Rob’s AFF Level 2 Jump

Well, back at it again. Off to the DZ I go. Not exactly what I thought I’d be doing on the 10th anniversary of 9/11. This time my wife and son came along for encouragement. Yes, I’m sure at that at one point her thoughts of my skydiving adventures were a moot point with no further discussion. The trick here is to slowly present the sport in bits and pieces; not over whelming her with a crazy adrenaline-driven story about jumping out of a perfectly good plane. You have to show some repose and present a demeanor that lets your loved ones know that you truly know what you’re doing and have a great respect for the sport. Actually, with all seriousness, I would say that anybody considering skydiving should be reserved enough to carefully think about what they are getting into so that their intentions are not miss lead.

I called the DZ in the morning to see what would be a good time for an AFF student to arrive. I was advised that there were some tandem reservations already setup around noon and that I might be able to get in before or, definitely after those jumps. I arrived at the DZ around 10:30 a.m. It appeared that things were still getting started. I checked in at the manifest desk. The nice lady put my name on a list with other students and then advised me that as soon as she could find me two Jump Masters she’d let me know.
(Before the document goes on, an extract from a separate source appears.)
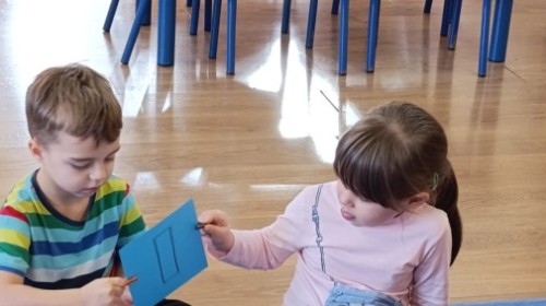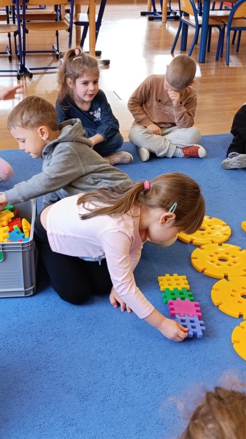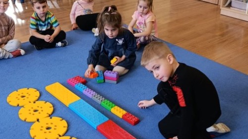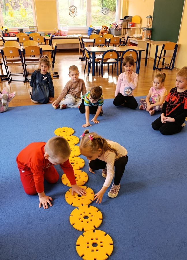 W drugim tygodniu listopada Jeżyki rozpoczęły swoją przygodę z nową literą – I. Dzieci poprzez zabawę i twórcze działania utrwalały jej kształt oraz dźwięk. Podczas zajęć "Jeżyki" układały literę I z klocków z zaangażowaniem tworząc różne warianty literki i ćwicząc przy tym spostrzegawczość oraz motorykę małą. Przekazywaliśmy kartonik z literą I za pomocą klamerek – ta zabawa dostarczyła dużo radości, a jednocześnie rozwijała precyzję ruchów oraz współpracę. Dzieci wycinały również obrazki rozpoczynające się na literę I, a następnie wyklejały nimi duży szablon literki I, tworząc pracę plastyczną. Dzięki takim aktywnościom "Jeżyki" w przyjemny

She also pointed out that winds were boarder line, averaging between 19 to 22 mph. AFF students cannot jump when wind speeds are greater than 19 mph. Looks like I’m grounded for the time being. One Jump Masters, that was with me on my first jump, gave me a copy of the level 2 skills and suggested that I study them until the wind died down.

Ok, this is the hurry up and wait part. I’ve discovered that the AFF student is at the mercy of the weather and the availability of Jump Masters. I started going over the skill sheet; physically rehearsing the movements as if I was getting ready for an audition. Unfortunately, it doesn’t look anything like a line dance.

The first two tandem loads went quick enough. However, I soon found that I had to explain the whole wait-my- turn thing to my wife and son They were not quite sure why I wasn’t plunging from the sky yet. After all, they came to cheer me on, but it looked like the pompoms were wilting as the day went on.

It wasn’t until jump 5 I finally got the word I was going up. My JM hooked me up with all my gear and told me to get dressed. This time I was able to get a larger set of goggles that would fit over my prescription sunglasses. Man, it sure is bright without them.

Well, Mother Nature likes to tease. Just as we were getting ready to board the plane we were advised that there would be a fifteen minute hold as winds had picked up to 23mph. Great! Not again. I slowly started to realize that all this could be scrubbed. This has happened multiple times during our Parachute Mobile Missions. Fortunately, the winds subsided and off we went.

I must say, I was a lot more relaxed this time and felt assured that with each jump it would only get easier. On the ascent my JM asked me to verbally recite the jump sequence and to let him know when we reached 5,500 feet and to explain what I would be doing at that altitude on the way down. No problem. I would be deploying my parachute, just so you all know. Getting out to the outside edge of the plane seemed to go a lot smoother than before, but since I’m tall, I found that I really had to lean forward on the way out to avoid clunking the back of my head. I’m looking forward to face-out exits. My “check in & check out” sequence was a lot smoother and I didn’t delay with the stepp-off.

The level 2 skills are easy enough: one practice pull, a left and right turn and 4 to 5 seconds of tracking. Tracking is when you bring in your arms and straighten out your legs. This creates lateral movement as well as speed. This was actually kind of cool. I had to resist the temptation to put one fisted arm forward and the other next to my chest; ya, the Superman flight position. The only area that I really blew this time was my deployment pull. If you look at the video you will see that when I reached for the pilot chute I didn’t keep my body position natural and my left leg swung over to the right. Practice, practice, practice.

I hope to get level 3 and 4 completed this Sunday. Not sure I’ll always have video available; it all depends on the JM I am assigned. Anyone that wants to come out and make faces at me are more than welcome.